- _What this task involves_
Would you output the lines from the one with "You are cordially" through the last line of the material below, exactly, but without pictures?

- _Source data_

---------------

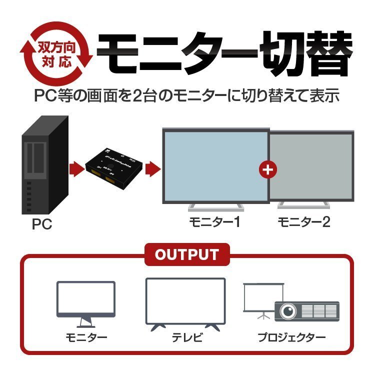 また双方向にも対応しているので、1台のPCを2台のディスプレイ等に切り替えて表示も可能。
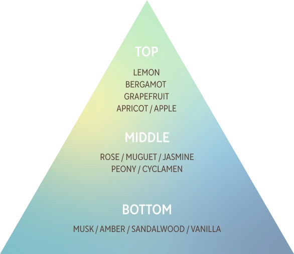 爽やかなレモン、ベルガモット、グレープフルーツをトップに、ローズやピオニー、ミュゲ、ジャスミンが優しく包み込み、さらにアンバーとバニラ、サンダルウッドが加わった、凛とした気品とぬくもりが共存する柔らかな香り。まるで時間という概念から解き放たれるように、心地よく静かに広がる華やかさを演出します。
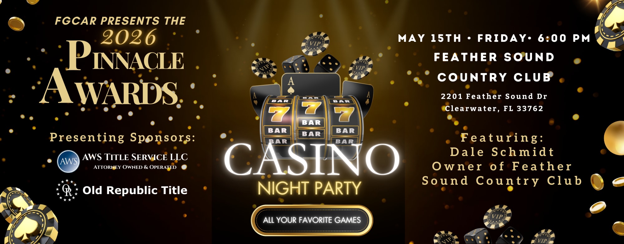 You are cordially invited to an evening of celebration, sophistication, and high stakes as we gather for the Florida Gulfcoast Commercial Association of REALTORS® 2026 Pinnacle Awards & Casino Night Gala — a celebration honoring excellence in commercial real estate.
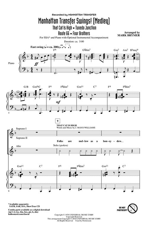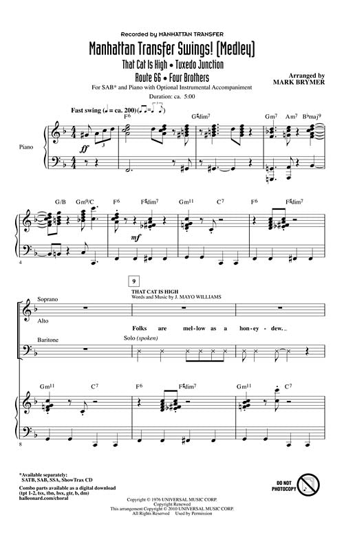 Manhattan Transfer Swings! (Medley) Composer: Mark Brymer arr. Mark Brymer Publisher: Category: Choral Series: Jazz Chorals Format: Voicing: SAB Four of Manhattan Transfer's signature songs are showcased here in a 6-minute mini-medley that will totally energize...Regular price $35.99 -

---------------

- _Exercise answer_
 You are cordially invited to an evening of celebration, sophistication, and high stakes as we gather for the Florida Gulfcoast Commercial Association of REALTORS® 2026 Pinnacle Awards & Casino Night Gala — a celebration honoring excellence in commercial real estate.
 Manhattan Transfer Swings! (Medley) Composer: Mark Brymer arr. Mark Brymer Publisher: Category: Choral Series: Jazz Chorals Format: Voicing: SAB Four of Manhattan Transfer's signature songs are showcased here in a 6-minute mini-medley that will totally energize...Regular price $35.99 -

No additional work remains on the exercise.